■ Brief: Reproduce exactly the lines below, from the first one through the line containing "Chaouen, ou Chefchaouen, est", and omit any pictures.

::::::::::

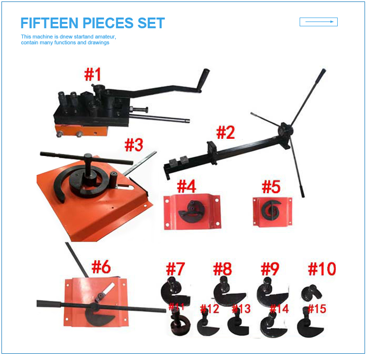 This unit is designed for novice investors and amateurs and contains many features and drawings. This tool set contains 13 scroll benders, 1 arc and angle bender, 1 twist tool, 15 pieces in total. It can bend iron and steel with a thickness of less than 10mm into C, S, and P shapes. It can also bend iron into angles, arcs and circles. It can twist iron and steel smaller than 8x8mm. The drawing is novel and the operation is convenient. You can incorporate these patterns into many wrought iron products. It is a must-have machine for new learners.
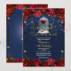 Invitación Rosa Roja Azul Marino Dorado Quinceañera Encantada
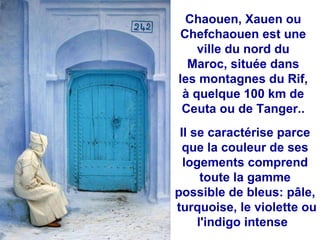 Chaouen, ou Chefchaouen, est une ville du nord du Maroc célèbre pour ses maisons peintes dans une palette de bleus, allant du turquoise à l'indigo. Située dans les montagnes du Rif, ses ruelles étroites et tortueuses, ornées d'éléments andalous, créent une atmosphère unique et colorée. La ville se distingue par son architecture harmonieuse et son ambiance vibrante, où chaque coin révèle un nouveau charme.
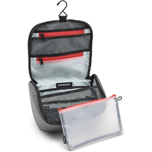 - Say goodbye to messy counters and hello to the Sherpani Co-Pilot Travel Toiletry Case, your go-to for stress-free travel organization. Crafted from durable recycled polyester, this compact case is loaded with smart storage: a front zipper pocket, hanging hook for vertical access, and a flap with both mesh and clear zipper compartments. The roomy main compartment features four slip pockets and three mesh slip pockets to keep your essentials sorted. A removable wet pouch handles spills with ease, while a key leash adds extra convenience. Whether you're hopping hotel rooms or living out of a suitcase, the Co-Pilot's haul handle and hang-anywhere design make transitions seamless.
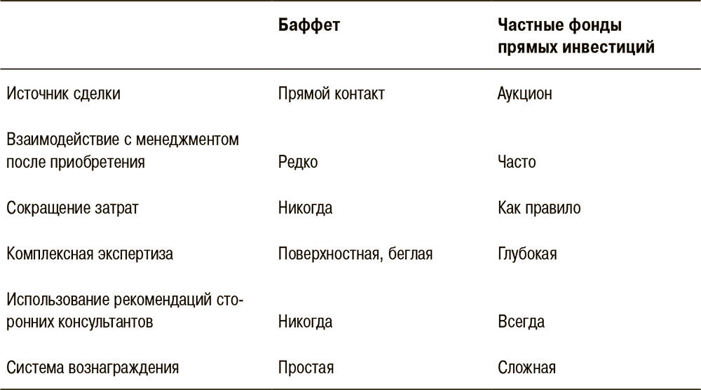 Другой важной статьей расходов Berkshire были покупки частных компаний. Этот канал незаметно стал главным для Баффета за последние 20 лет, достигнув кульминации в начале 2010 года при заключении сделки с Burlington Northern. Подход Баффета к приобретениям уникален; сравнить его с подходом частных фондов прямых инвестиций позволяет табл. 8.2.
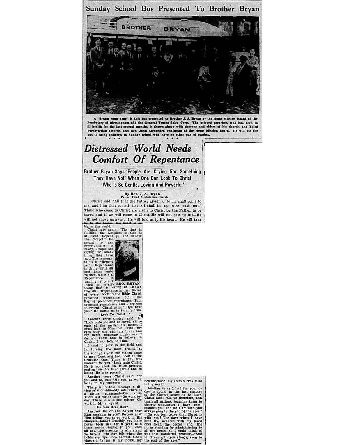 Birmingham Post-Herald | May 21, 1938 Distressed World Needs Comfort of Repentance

::::::::::

■ Result below:
 This unit is designed for novice investors and amateurs and contains many features and drawings. This tool set contains 13 scroll benders, 1 arc and angle bender, 1 twist tool, 15 pieces in total. It can bend iron and steel with a thickness of less than 10mm into C, S, and P shapes. It can also bend iron into angles, arcs and circles. It can twist iron and steel smaller than 8x8mm. The drawing is novel and the operation is convenient. You can incorporate these patterns into many wrought iron products. It is a must-have machine for new learners.
 Invitación Rosa Roja Azul Marino Dorado Quinceañera Encantada
 Chaouen, ou Chefchaouen, est une ville du nord du Maroc célèbre pour ses maisons peintes dans une palette de bleus, allant du turquoise à l'indigo. Située dans les montagnes du Rif, ses ruelles étroites et tortueuses, ornées d'éléments andalous, créent une atmosphère unique et colorée. La ville se distingue par son architecture harmonieuse et son ambiance vibrante, où chaque coin révèle un nouveau charme.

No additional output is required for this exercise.